Consequently, one of Phoebus’ priorities was to depress lamp life to a one thousand-hour standard. They designed them to fail!
The effort is today considered one of the earliest examples of planned obsolescence on an industrial scale.
Selling coffins
The Phoebus business tactic may seem a tad dishonest. But in its day, the shift to planned obsolescence was in keeping with the views of a growing body of economists and business experts.
They argued that unless you were in the business of selling coffins, it was bad business to sell a customer your product only once.
This Depression-era argument, which one marketing writer at the time had described as a “sound and genuine philosophy in free-spending and wasting,” became the bedrock of our modern consumer economy.
We heard it again during the Great Recession in 2007-2008 when US political leaders suggested that shopping presented a solution to the crisis.
Today, repetitive consumption is built into almost everything we buy, and obsolescence has become a touchstone of modern culture.
Nothing you purchase ever lasts.

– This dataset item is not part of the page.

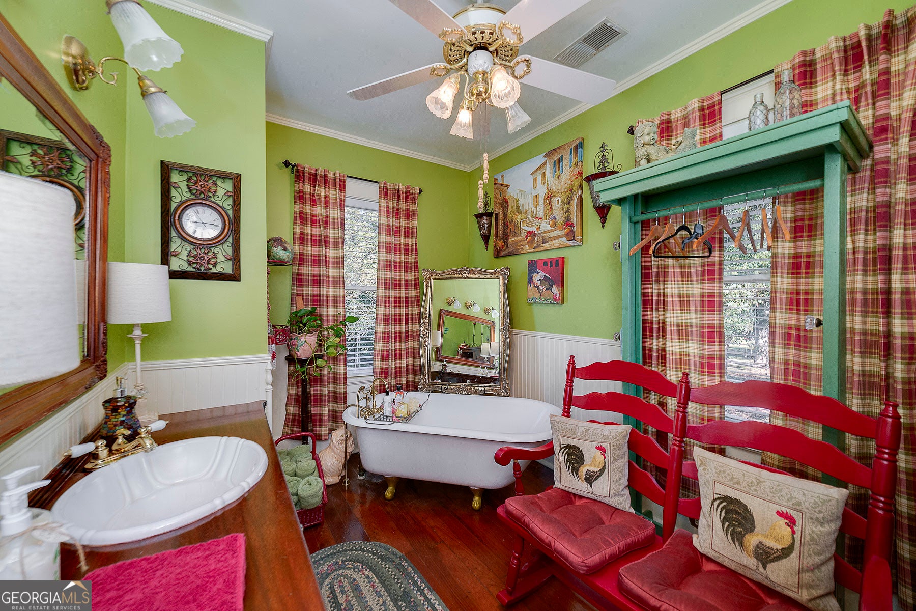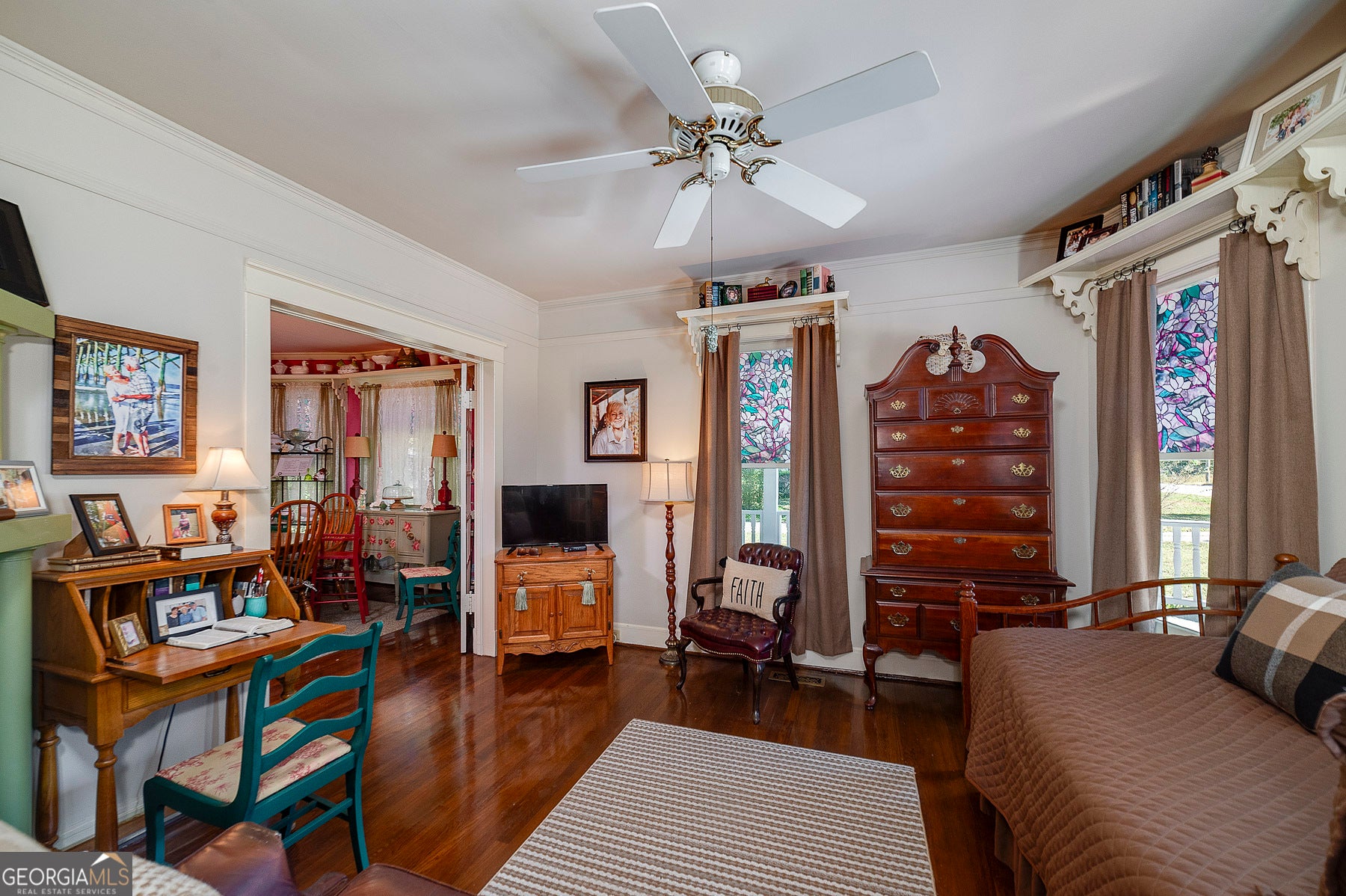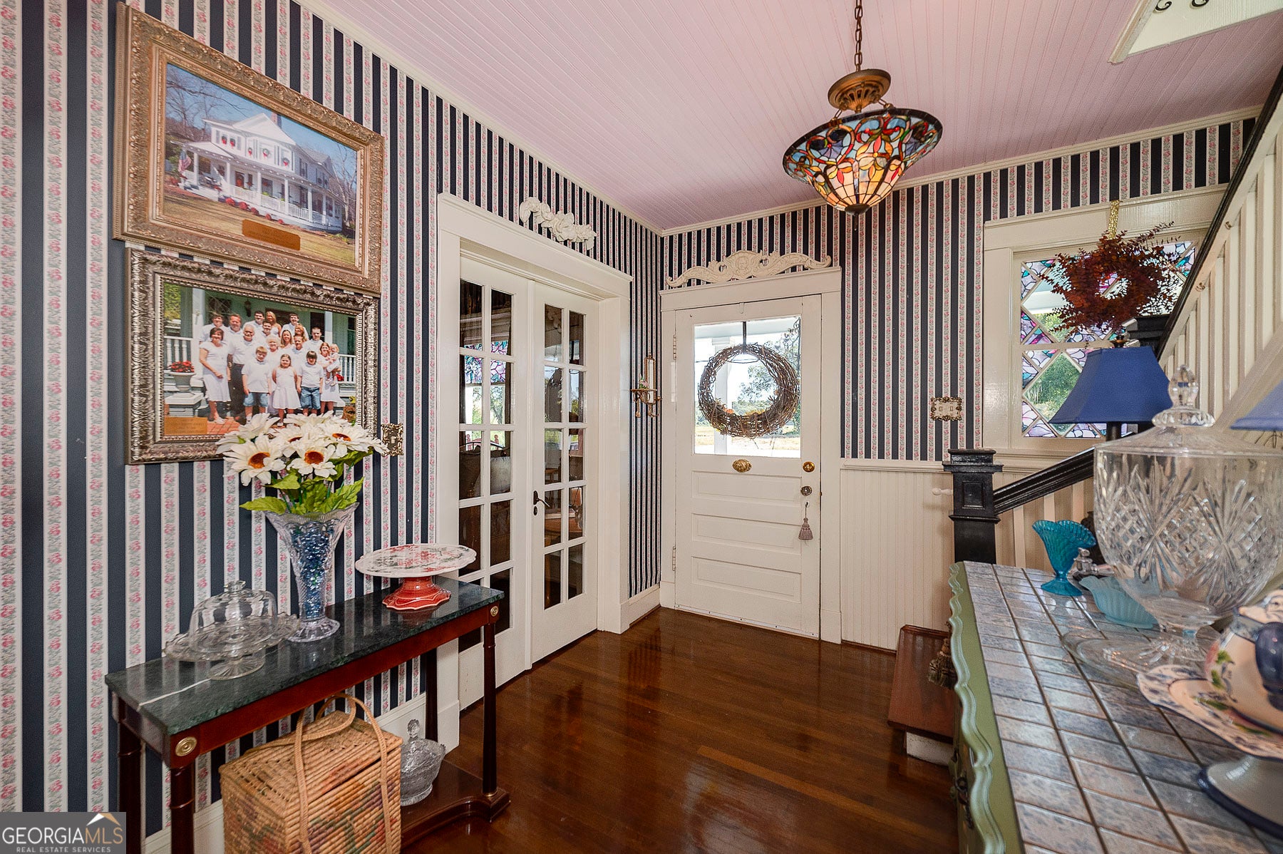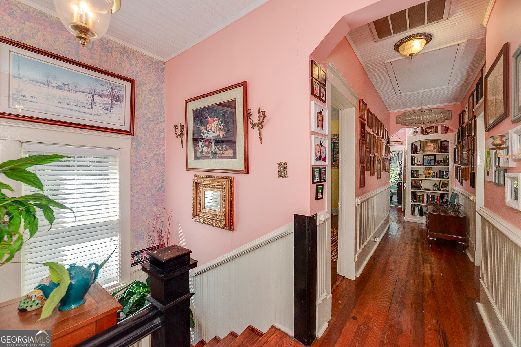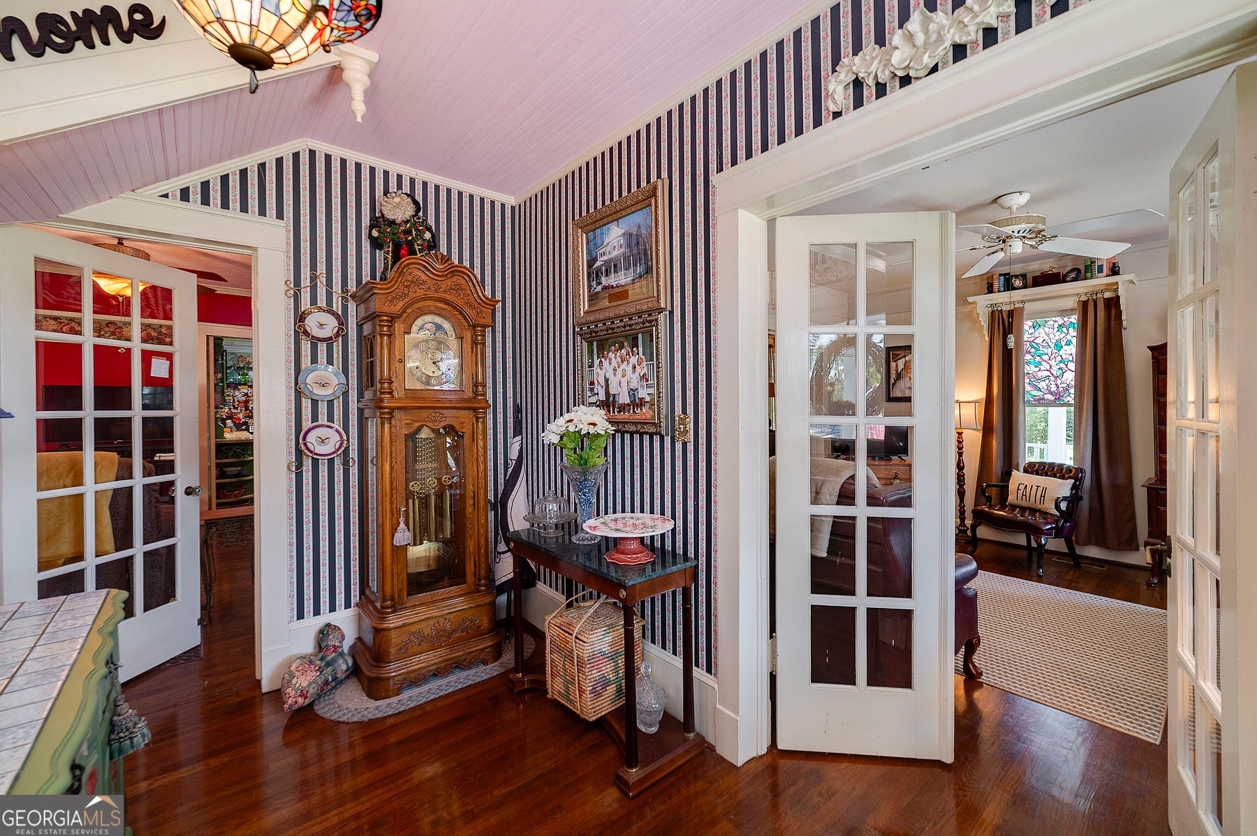 Step into a piece of history with this stunning Victorian home, built in 1900, perfectly situated within walking distance to downtown Meansville, Georgia. This classic two-story gem, complete with a white picket fence, features a large front half wraparound porch that invites you to unwind and enjoy the picturesque surroundings. The charm doesn't stop there - the 5.285 acre property features mature pecan and fig trees, 100's of bulbs and azaleas, flowering trees and bushes that provide outdoor living areas with gorgeous colors all year around. So much on this unique property - a detached two-car carport, an original restored barn, which provides ample storage and work space with 100 amp power, an original main store building from downtown Meansville, now used as a storage outbuilding, a 4-bay pole barn, the 1.5 acre wet-weather spring fed pond brimming with bass, bluegill, and redbreast gill, a unique butterfly garden, hand-built gazebo overlooking the pond, a private, drilled well and city water. You will fall in love with the wood cabin/guesthouse with indoor plumbing, beautiful heart of pine hardwood floors, and a wood burning stove where guests can stay, or you can sneak away for a staycation on your very own property! Inside the main house you'll be captivated by the authentic elegance that has been meticulously restored to reflect the turn-of-the-century style. Beautiful oak and heart of pine hardwood floors run throughout the home, complementing the intricate details that honor its historic past. The updated kitchen seamlessly blends modern conveniences with vintage flair, ideal for both everyday living and entertaining. Each room features original fireplaces, with gas burning logs or decorative, adding to the home's historical ambiance. The large dining room is perfect for hosting family gatherings, exuding warmth and charm. Throughout, authentic features carry the classic 1900 theme, from period appropriate light fixtures and glass doorknobs to intricately designed moldings, sinks, claw-foot bathtub and more. This Victorian beauty is not just a home: it's a lifestyle, offering a rare blend of historic charm and modern comfort. Don't miss your chance to make your own memories in this elegant piece of history in the heart of Meansville.

Everything from smartphones, cars, clothing, and flip-flops has some kind of shelf-life.
How many policymakers will it take to screw a light-bulb?
Of course, all of this would amount to little more than a business-school case study if it weren’t for the fact that finding an economic model for products that last is critical to environmental sustainability.

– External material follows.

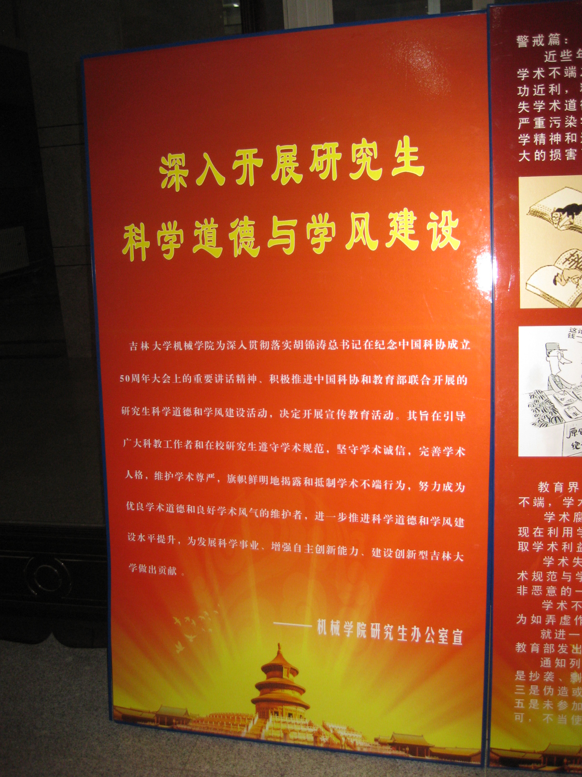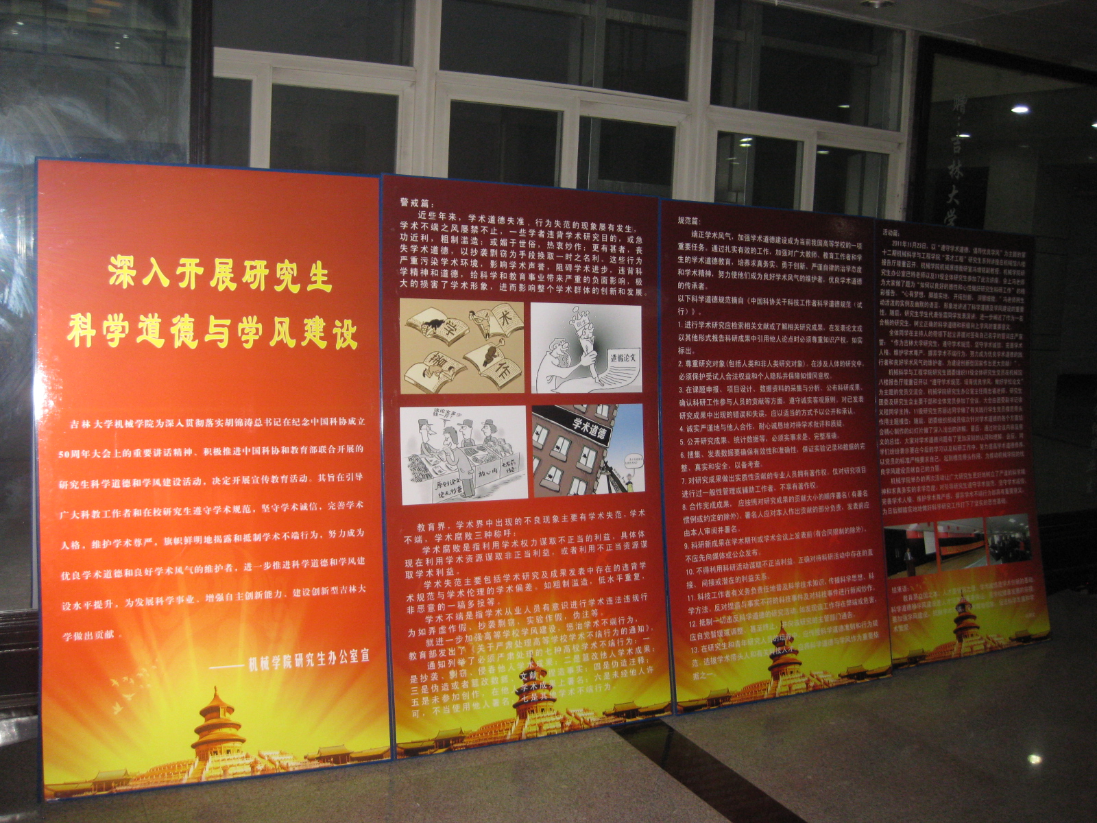 展板内容以文字和图片的形式向我们讲述遵守学术道德的重要意义,并简要回顾了公司此次大型宣传活动的其他内容。从2011年11月起,2011级全体研究生党员召开的以“遵守学术规范,培育优良学风,做好学位论文”为主题的党员交流会、以“遵守学术道德,倡导优良学风”为主题的第十二期机械科学与工程公司“英才工程”研究生系列讲座相继进行,这些活动为广大研究生树立正确的科研价值观,自觉自律遵守学术道德起到了很好的引导和教育作用。

What would a sound economic model for our times look like?
Tim Cooper, a design professor who heads the sustainable-consumption research group at Nottingham Trent University, says the new economic model will require a radical, systemic transformation.
The economic model to aim for, Cooper says, is founded on people buying fewer, but better, products, and paying more across those products’ lifetimes.

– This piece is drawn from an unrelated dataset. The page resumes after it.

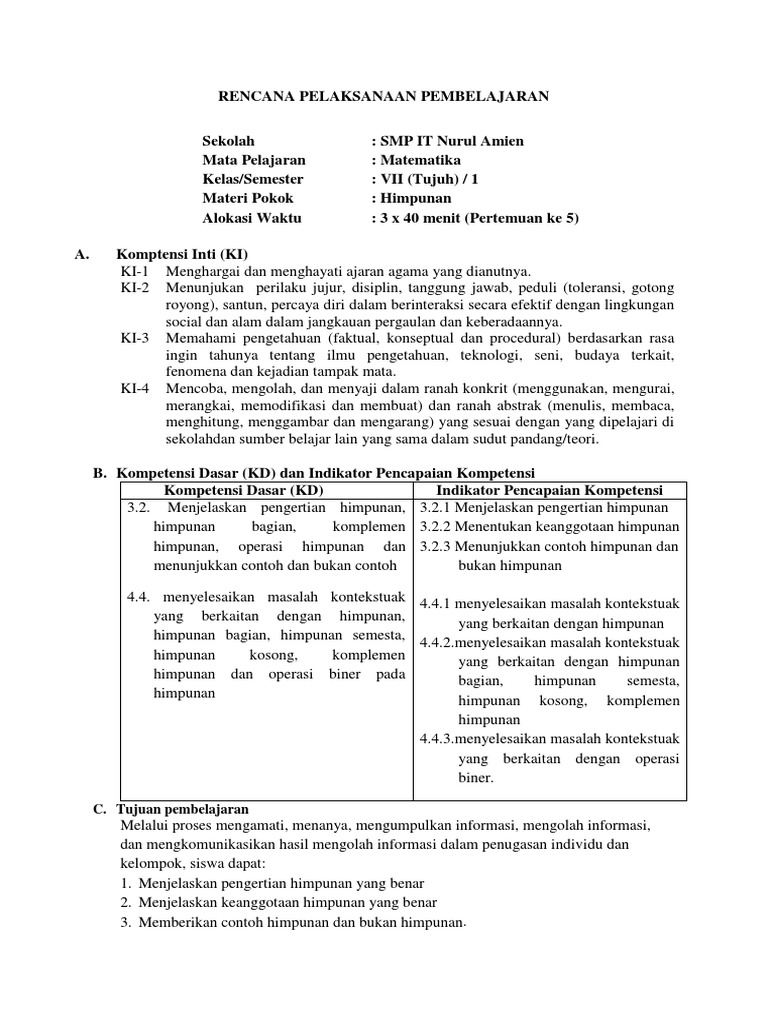 Rpp Matematika Smp It Nurul Amien from imgv2-1-f.scribdassets.com Bermain di rumah teman pembelajaran ke : Contoh rpp daring matematika smp mts pengembangan rpp dapat dilakukan secara mandiri atau secara berkelompok melalui musyawarah guru mata pelajaran mgmp di sekolah madrasah. Rpp matematika kelas iii bangun datar ruang belajar cache mirip rpp matematika kelas iii bangun datar tags bangun datar matematika rpp teknik kuis tugas bentuk instrumen lisan dan tertulis contoh instrumen sdn cilegong purwakarta mei wahyuddin my pd rpp silabus kkm prota dan promes matematika. Jaringan sekolah islam terpadu (jsit) adalah organisasi yang beranggotakan sekolah islam terpadu dari seluruh indonesia, termasuk di dal. Sd smp sma dan rpp matematika smp kelas vii bab himpunan mts sebenarnya tadinya saya sedang mencari silabus dan rpp matematika smk kurikulum bab sistem persamaan dan pertidaksamaan linier contoh ppdb terbaru pada kemepatan kali ini batang blog akan berbagi artikel tentang pdf upaya meningkatkan pemahaman konsep matematika. Rpp satu lembar matematika smp mts tahun 2020 sesuai guru berbagi contoh rpp 1 lembar untuk sd kelas 6 lengkap download rpp 1 lembar bahasa inggris. Rpp yang dibuat untuk kelas 6 sd/mi dan sudah berorientasi pada pembelajaran hots (higher order thingking skil) menggunakan model pembelajaran problem based learning (pbl) dan pendekatan saintifik dan dengan metode diskusi, tanya jawab, presentasi, penugasan dan ceramah. Berikut ini adalah contoh rpp satu lembar smp mts tahun 2020.

The manufacture of top quality goods would employ more people, and the goods would sell at higher prices.
This would result in a dramatic expansion of the repair-and-servicing sector and the secondhand market. The sharing economy would also provide additional levels of commercial activity.
While consumers would likely end up spending less money on goods overall, that would free up income for services and investment.
But the most important change Cooper advocates might also be the most difficult: a culture shift away from the pursuit of novelty, disposable goods, and short-term value.
“What drives the throwaway culture? Well, often people want to have the newest and the latest,” Cooper tells the New Yorker. “But there are people who want to have the oldest and the best.”
What do you think?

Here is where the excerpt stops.